::: Available data :::

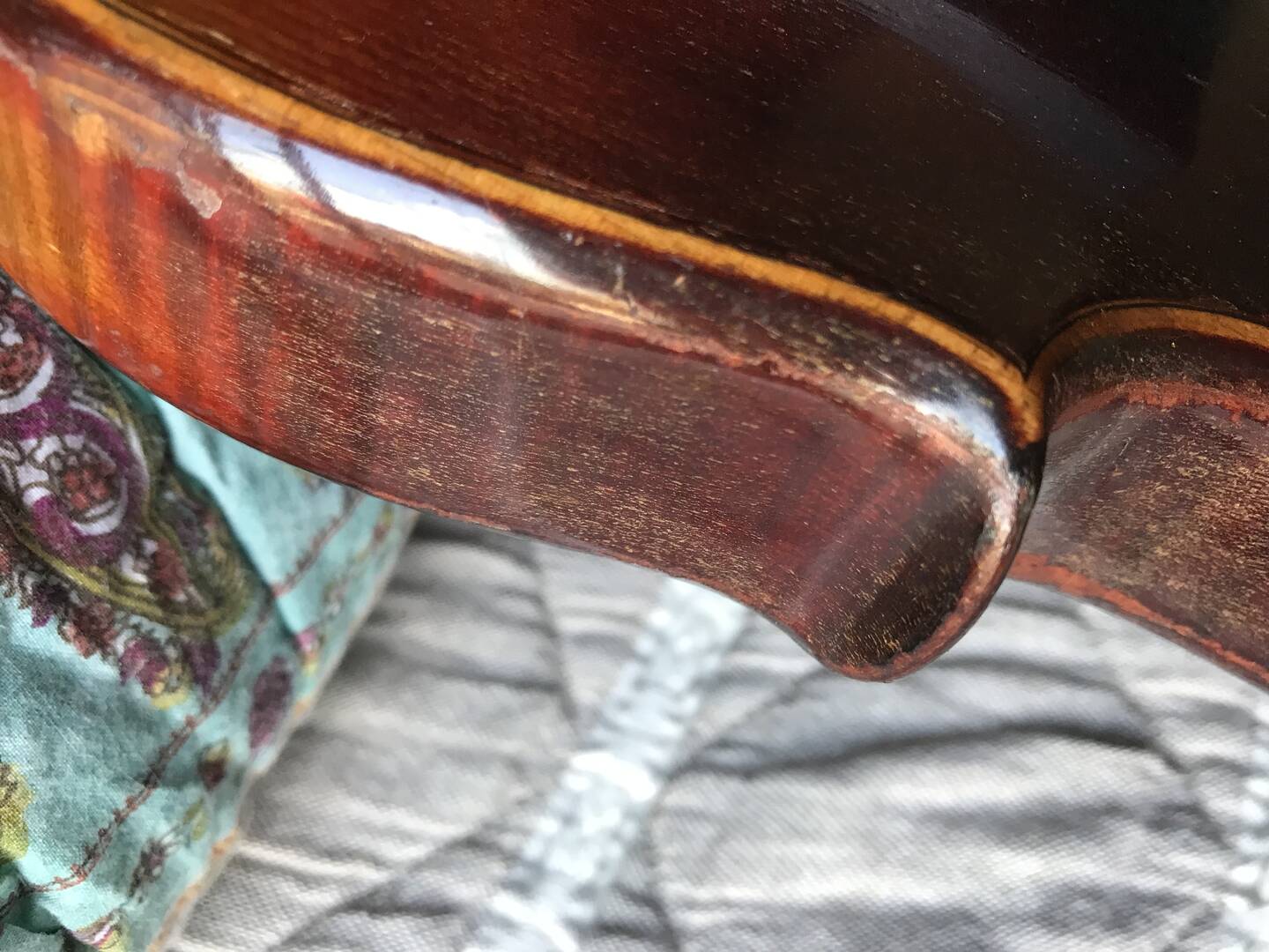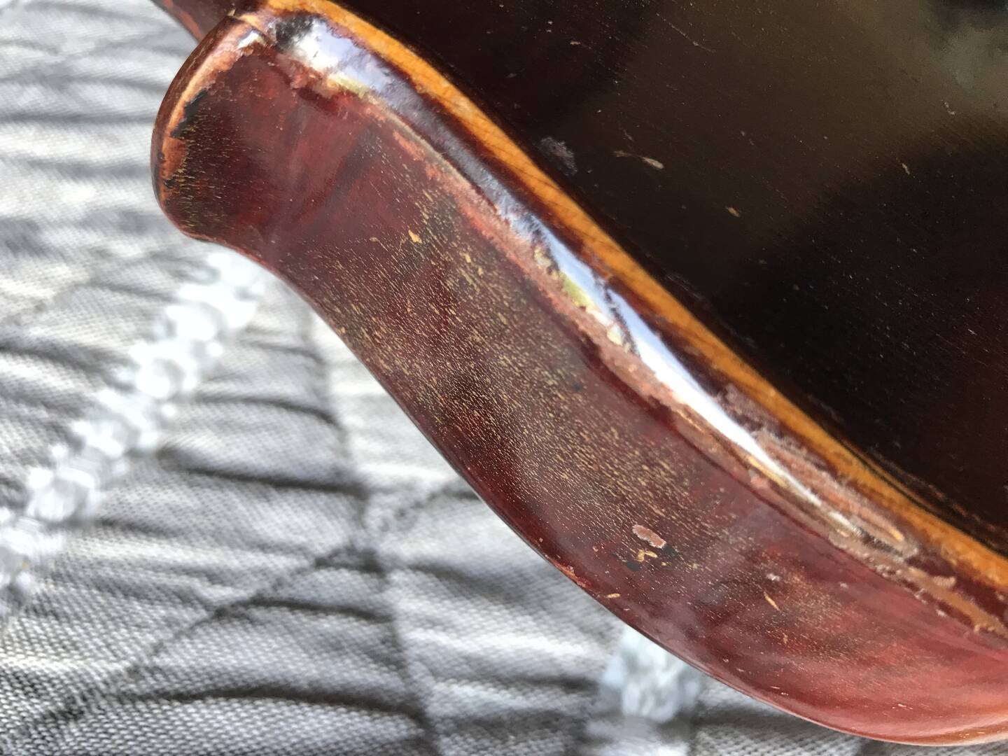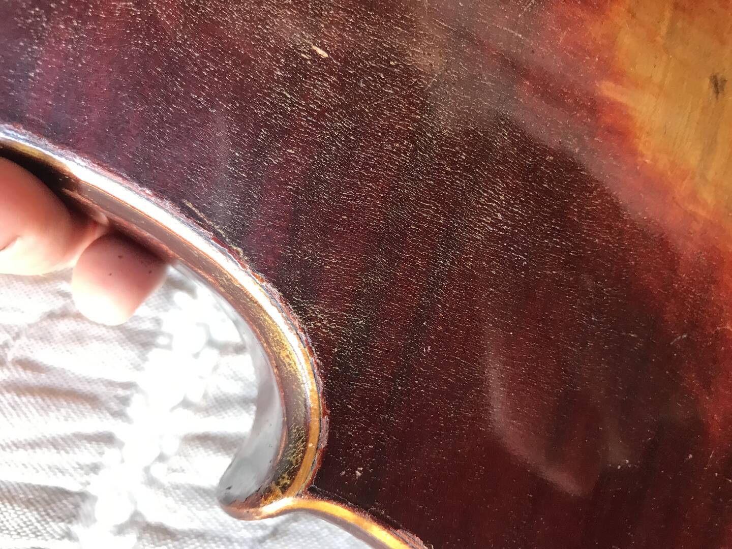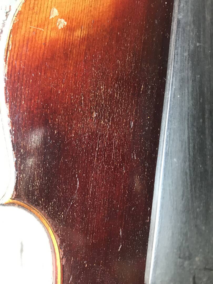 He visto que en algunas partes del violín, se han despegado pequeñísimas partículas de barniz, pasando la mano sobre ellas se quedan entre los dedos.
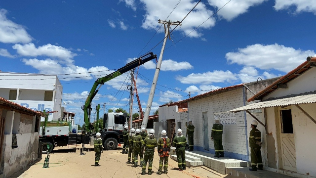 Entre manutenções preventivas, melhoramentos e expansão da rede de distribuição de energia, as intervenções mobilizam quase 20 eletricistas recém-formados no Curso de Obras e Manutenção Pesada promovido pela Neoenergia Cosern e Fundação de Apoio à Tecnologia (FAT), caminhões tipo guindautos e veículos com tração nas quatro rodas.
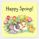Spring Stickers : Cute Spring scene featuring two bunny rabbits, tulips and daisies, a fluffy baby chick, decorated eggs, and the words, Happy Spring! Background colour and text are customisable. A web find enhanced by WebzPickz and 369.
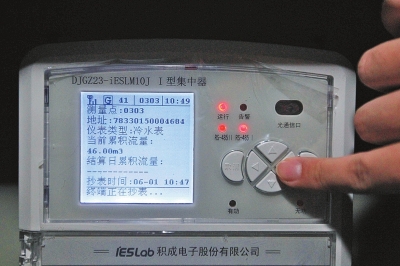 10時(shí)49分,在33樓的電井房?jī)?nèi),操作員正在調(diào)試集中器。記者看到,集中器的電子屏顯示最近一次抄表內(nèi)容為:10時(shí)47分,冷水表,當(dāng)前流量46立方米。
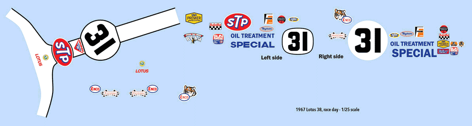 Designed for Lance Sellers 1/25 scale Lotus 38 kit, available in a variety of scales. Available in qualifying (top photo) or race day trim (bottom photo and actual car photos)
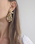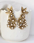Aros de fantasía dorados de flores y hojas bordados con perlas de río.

:::
::: Available data :::

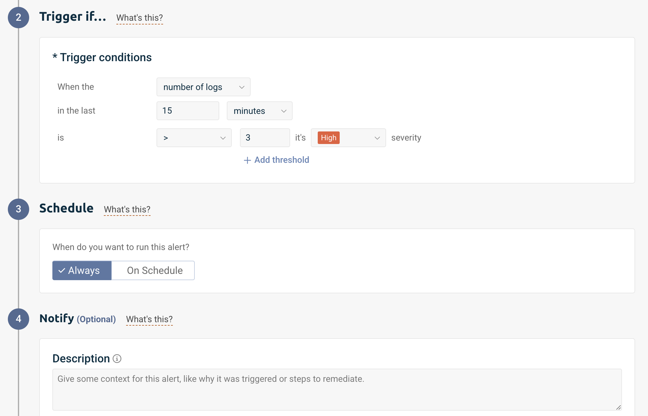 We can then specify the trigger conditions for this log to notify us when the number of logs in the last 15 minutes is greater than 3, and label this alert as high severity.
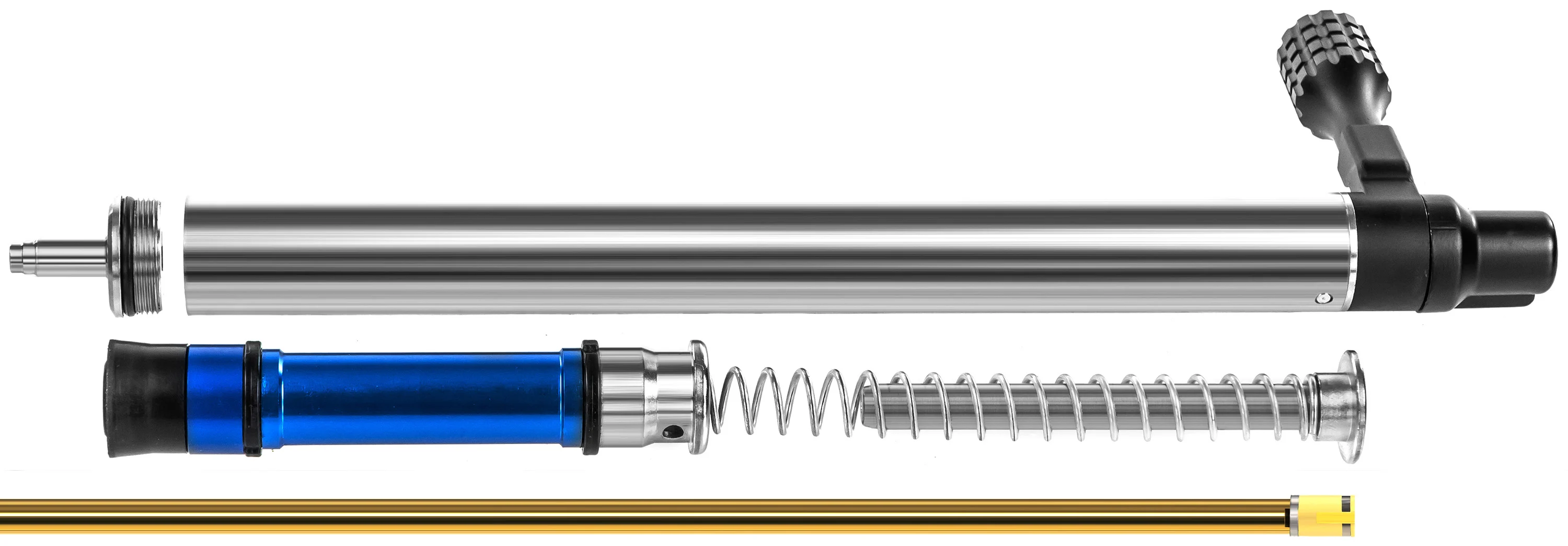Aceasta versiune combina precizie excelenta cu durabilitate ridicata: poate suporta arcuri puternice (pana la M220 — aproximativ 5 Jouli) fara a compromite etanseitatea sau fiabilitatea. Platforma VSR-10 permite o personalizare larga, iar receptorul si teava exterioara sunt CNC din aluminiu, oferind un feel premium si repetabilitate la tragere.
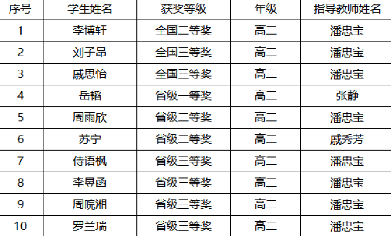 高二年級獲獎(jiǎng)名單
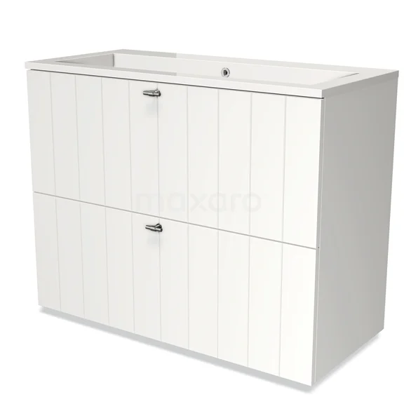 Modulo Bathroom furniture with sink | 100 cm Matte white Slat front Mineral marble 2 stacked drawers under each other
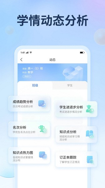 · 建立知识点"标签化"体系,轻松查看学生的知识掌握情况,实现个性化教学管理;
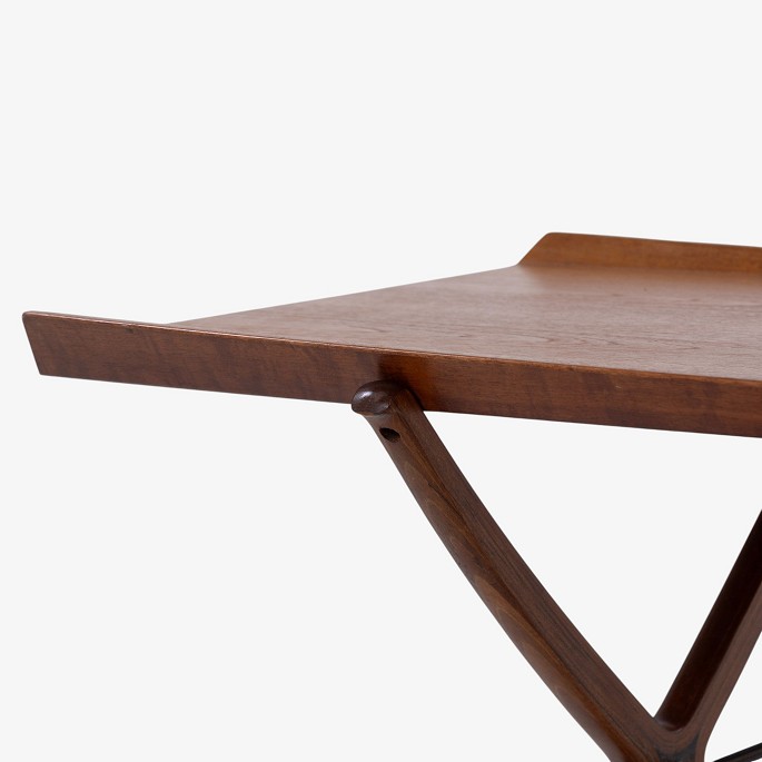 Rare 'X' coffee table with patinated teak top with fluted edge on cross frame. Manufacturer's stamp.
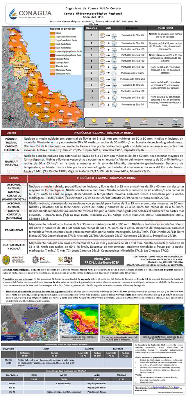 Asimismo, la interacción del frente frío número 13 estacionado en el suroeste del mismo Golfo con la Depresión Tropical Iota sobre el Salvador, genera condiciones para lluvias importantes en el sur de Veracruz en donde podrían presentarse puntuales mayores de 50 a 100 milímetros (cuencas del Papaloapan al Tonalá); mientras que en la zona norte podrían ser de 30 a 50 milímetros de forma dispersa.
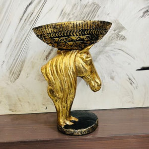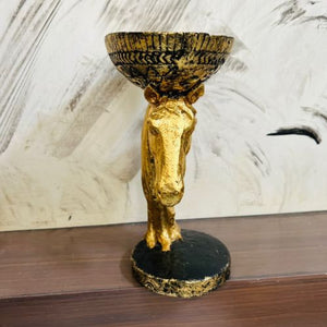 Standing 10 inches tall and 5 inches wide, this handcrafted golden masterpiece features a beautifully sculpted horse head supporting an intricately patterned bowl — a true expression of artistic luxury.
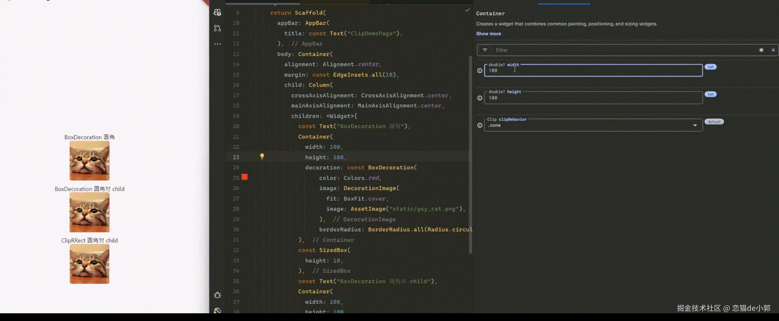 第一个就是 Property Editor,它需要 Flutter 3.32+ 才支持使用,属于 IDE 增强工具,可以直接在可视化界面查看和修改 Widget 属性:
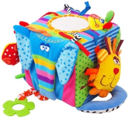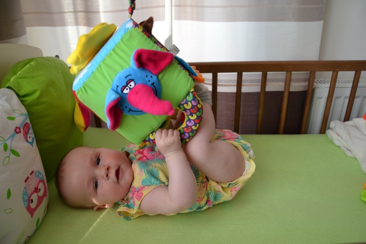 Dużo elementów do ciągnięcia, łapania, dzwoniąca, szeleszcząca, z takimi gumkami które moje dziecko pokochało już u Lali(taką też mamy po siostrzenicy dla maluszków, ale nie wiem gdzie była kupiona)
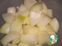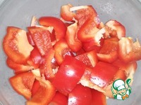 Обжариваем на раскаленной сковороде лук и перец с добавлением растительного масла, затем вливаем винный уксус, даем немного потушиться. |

:::

■ Your goal
Using the data above, set down each line from the line with "He visto que" to the line with "Entre manutenções preventivas, melhoramentos" exactly, both ends included, and leave the pictures behind. Nothing else belongs.

■ Exercise result
 He visto que en algunas partes del violín, se han despegado pequeñísimas partículas de barniz, pasando la mano sobre ellas se quedan entre los dedos.
 Entre manutenções preventivas, melhoramentos e expansão da rede de distribuição de energia, as intervenções mobilizam quase 20 eletricistas recém-formados no Curso de Obras e Manutenção Pesada promovido pela Neoenergia Cosern e Fundação de Apoio à Tecnologia (FAT), caminhões tipo guindautos e veículos com tração nas quatro rodas.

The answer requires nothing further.